▶ _What you have to do_: A verbatim copy of all the data is required; the pictures should not appear in it.

▶ _Source data_:
········

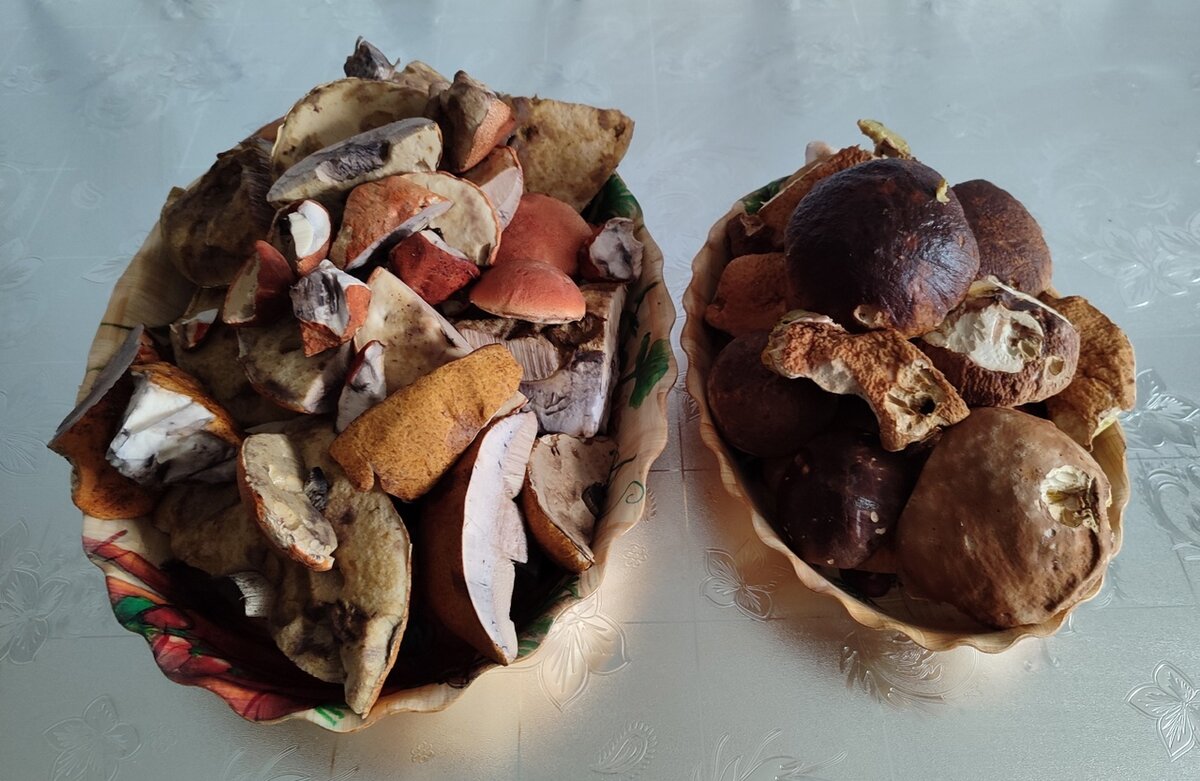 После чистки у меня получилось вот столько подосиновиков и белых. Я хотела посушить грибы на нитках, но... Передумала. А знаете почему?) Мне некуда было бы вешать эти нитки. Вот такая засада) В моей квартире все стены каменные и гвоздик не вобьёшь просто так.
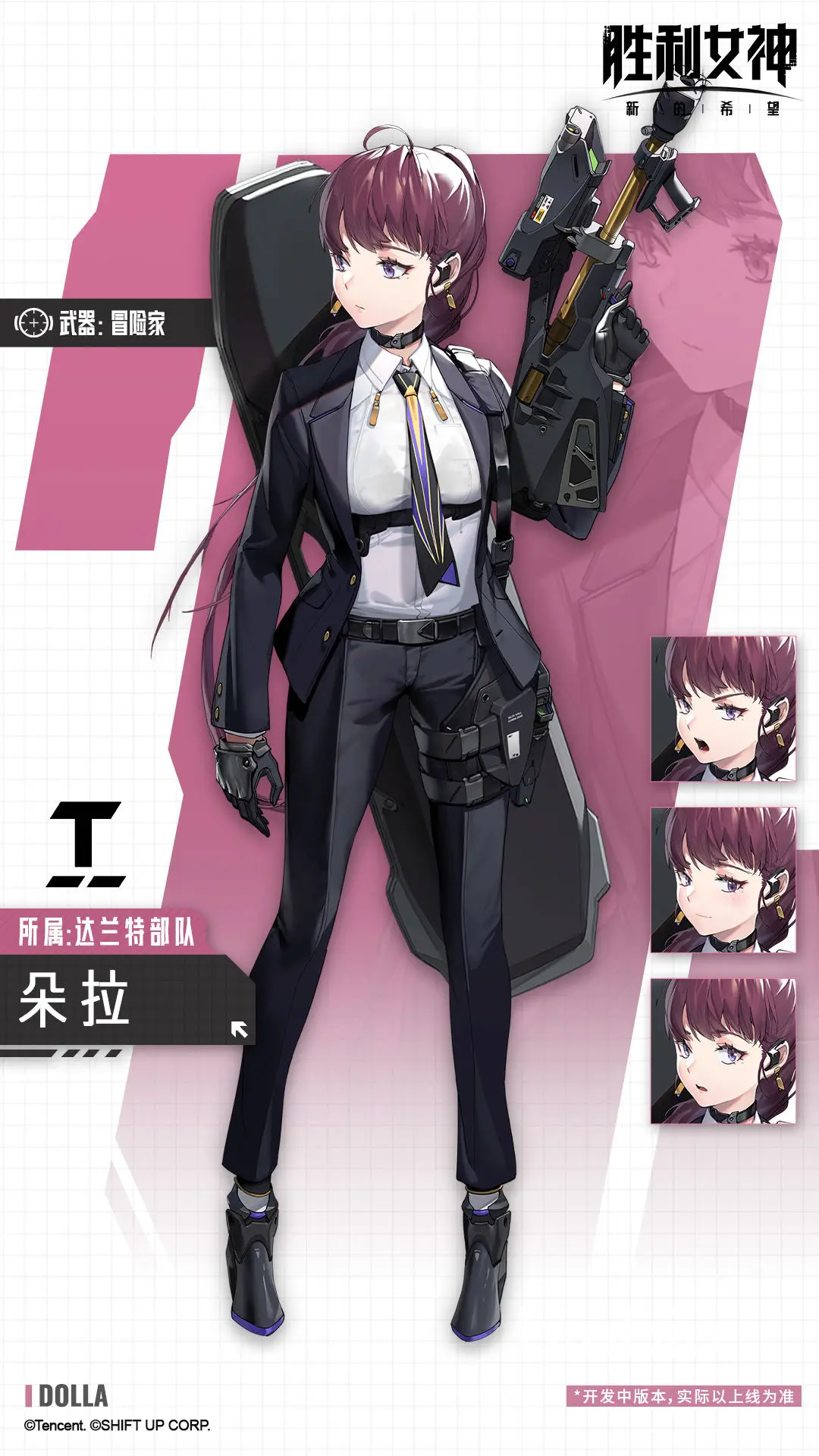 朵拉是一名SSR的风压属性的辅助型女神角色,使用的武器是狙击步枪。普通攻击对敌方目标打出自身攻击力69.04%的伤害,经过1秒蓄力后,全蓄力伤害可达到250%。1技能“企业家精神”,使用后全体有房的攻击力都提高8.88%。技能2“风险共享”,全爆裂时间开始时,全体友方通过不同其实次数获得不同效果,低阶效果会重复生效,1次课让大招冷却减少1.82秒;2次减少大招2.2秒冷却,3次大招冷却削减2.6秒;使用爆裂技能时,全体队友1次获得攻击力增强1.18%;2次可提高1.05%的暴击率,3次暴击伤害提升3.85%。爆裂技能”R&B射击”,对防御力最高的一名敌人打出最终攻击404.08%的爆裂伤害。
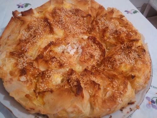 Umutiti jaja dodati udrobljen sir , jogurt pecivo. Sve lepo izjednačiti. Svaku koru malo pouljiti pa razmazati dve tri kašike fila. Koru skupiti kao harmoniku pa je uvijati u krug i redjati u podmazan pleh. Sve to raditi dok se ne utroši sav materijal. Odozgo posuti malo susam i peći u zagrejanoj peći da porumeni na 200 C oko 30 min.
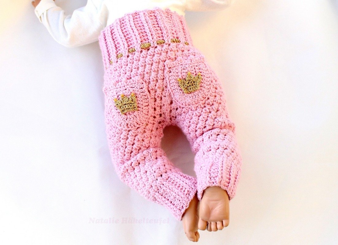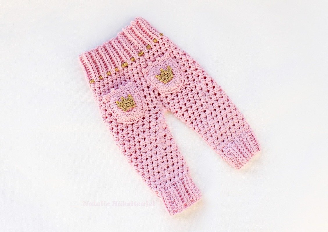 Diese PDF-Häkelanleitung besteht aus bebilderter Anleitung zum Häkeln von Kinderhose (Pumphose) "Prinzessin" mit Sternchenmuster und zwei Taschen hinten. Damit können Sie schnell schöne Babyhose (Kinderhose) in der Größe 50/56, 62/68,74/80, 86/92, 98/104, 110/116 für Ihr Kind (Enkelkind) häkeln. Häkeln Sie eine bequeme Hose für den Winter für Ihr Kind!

········

▶ _Task solution_:
 После чистки у меня получилось вот столько подосиновиков и белых. Я хотела посушить грибы на нитках, но... Передумала. А знаете почему?) Мне некуда было бы вешать эти нитки. Вот такая засада) В моей квартире все стены каменные и гвоздик не вобьёшь просто так.
 朵拉是一名SSR的风压属性的辅助型女神角色,使用的武器是狙击步枪。普通攻击对敌方目标打出自身攻击力69.04%的伤害,经过1秒蓄力后,全蓄力伤害可达到250%。1技能“企业家精神”,使用后全体有房的攻击力都提高8.88%。技能2“风险共享”,全爆裂时间开始时,全体友方通过不同其实次数获得不同效果,低阶效果会重复生效,1次课让大招冷却减少1.82秒;2次减少大招2.2秒冷却,3次大招冷却削减2.6秒;使用爆裂技能时,全体队友1次获得攻击力增强1.18%;2次可提高1.05%的暴击率,3次暴击伤害提升3.85%。爆裂技能”R&B射击”,对防御力最高的一名敌人打出最终攻击404.08%的爆裂伤害。
 Umutiti jaja dodati udrobljen sir , jogurt pecivo. Sve lepo izjednačiti. Svaku koru malo pouljiti pa razmazati dve tri kašike fila. Koru skupiti kao harmoniku pa je uvijati u krug i redjati u podmazan pleh. Sve to raditi dok se ne utroši sav materijal. Odozgo posuti malo susam i peći u zagrejanoj peći da porumeni na 200 C oko 30 min.
 Diese PDF-Häkelanleitung besteht aus bebilderter Anleitung zum Häkeln von Kinderhose (Pumphose) "Prinzessin" mit Sternchenmuster und zwei Taschen hinten. Damit können Sie schnell schöne Babyhose (Kinderhose) in der Größe 50/56, 62/68,74/80, 86/92, 98/104, 110/116 für Ihr Kind (Enkelkind) häkeln. Häkeln Sie eine bequeme Hose für den Winter für Ihr Kind!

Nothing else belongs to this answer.